そんなのさ、それこそ、神的な存在が運命を操作するとか、そんな奇跡のような力でも働かない限りは起こるはずがないッ!
なるほど、そういうことか。
「時間稼ぎのつもりか?」
俺が言葉を飛ばすと、俺と同じように映像を見ていたスターマインは信じられないモノでも見ているかのような不可解な表情をしていたが、俺の言葉に反応し、先程までの顔が嘘のように嫌な笑顔を張り付けこちらへと向き直った。
「そう、その通りだよ」
スターマインが楽しそうに微笑む。まだ奥の手があるってか。随分と余裕があるようだな。
「女神セラ様に禁じられた力、それを解放する」
……前言撤回だ。
「その奥の手は、女神でも対処出来ないような代物なのか?」
俺の言葉を聞いたスターマインは、わざとらしいくらいに大きくため息を吐いていた。
「僕を恐れる気持ちは分かるけどさ、セラ様が対処出来ない? そんな力がこの世に存在するはずが無い事くらい常識だと思うんだけどね」
「では、お前の奥の手はたいしたことが無さそうだな」
「はぁ、馬鹿なの? ねえ、馬鹿なの? セラ様は、この世界の創造主だよ? 創造主。その意味がわかる? 何でも出来る方なんだよ。それと比べる事の方がおかしいって気付けよ」
何かされる前に完全にぶっ潰すつもりだったけどさ、こいつは、その何かごと叩き潰してやる。女神が対処出来る力だって言うのならさ、それに対処出来るくらいじゃないと女神に舐められるだけだからな。あの、ふざけた性格をした女神だ、同じくらいの力を持っていなければ、会話すらしてくれそうにないもんなッ!
―2―
「絶望しながら聞け」
スターマインが腕を組み、こちらを見下すようにニヤリと笑っていた。
「僕たち三人の中にはかつての旧世界を影から支配していた三柱の邪神が封じられている」
唐突に邪神とか言い出しましたよ。女神だけでは無く、邪神も居たのかー、へー、そうなんだー。

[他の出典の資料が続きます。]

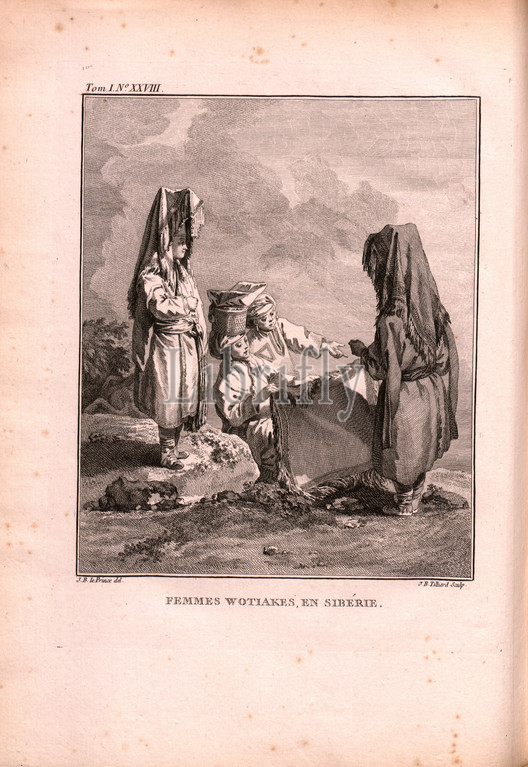 Wotiakes women in Siberia, Clothing and headgear of the Wotjak (Udmurt) women in Siberia, Signed: J. B. Le Prince (del.), J. B. Tilliard (sculp.), Copper engraving, no. XXVIII, after p. 338 (vol. 1), Le Prince, Jean-Baptiste ; Tilliard, Jean-Baptiste, 1768, Jean Chappe d'Auteroche: Voyage en Sibérie fait par ordre du roy en 1761: contenant les moeurs, les usages des Russes, et l'etat actuel de cette puissance. Paris: chez Debure, 1768.

「三柱の邪神、長兄カースァト、次兄クライオン、末弟フィアトゥ」
こいつ、その邪神の説明でも始める気か? これも時間稼ぎなのか?
「セラ様ですら、その力を滅ぼせず、僕たちの中に封じることしか出来なかった存在だ」
女神しょぼいなぁ。さっきは創造主だから、凄い言っていたのに、滅ぼせないとか矛盾してないか? してるよなぁ。
「今、ここで、僕の中に眠る三邪神の一柱フィアトゥの力を呼び覚ます」
はいはい。何だろうな、やっぱり、こうやって語っている途中で、こいつを倒すのが正解な気がしてきた。その邪神とやらが凄い力を持っているとしよう、でもさ、今、お前を倒したら、殺したら終わりなんだろ? だってさ、コイツの話が本当ならさ、俺が殺したルナティックの中にも、その邪神は眠っているはずなんだよな? それが呼び覚まされはしなかったもんな。
なんだかさ、その、こいつらの中に封じられた邪神とやらも女神のお遊びの気がしてきた。こいつらを騙して、そう信じ込ませて、よく分からないモノを植え付けているんじゃないか?
あの女神、性格が悪そうだったもんなぁ。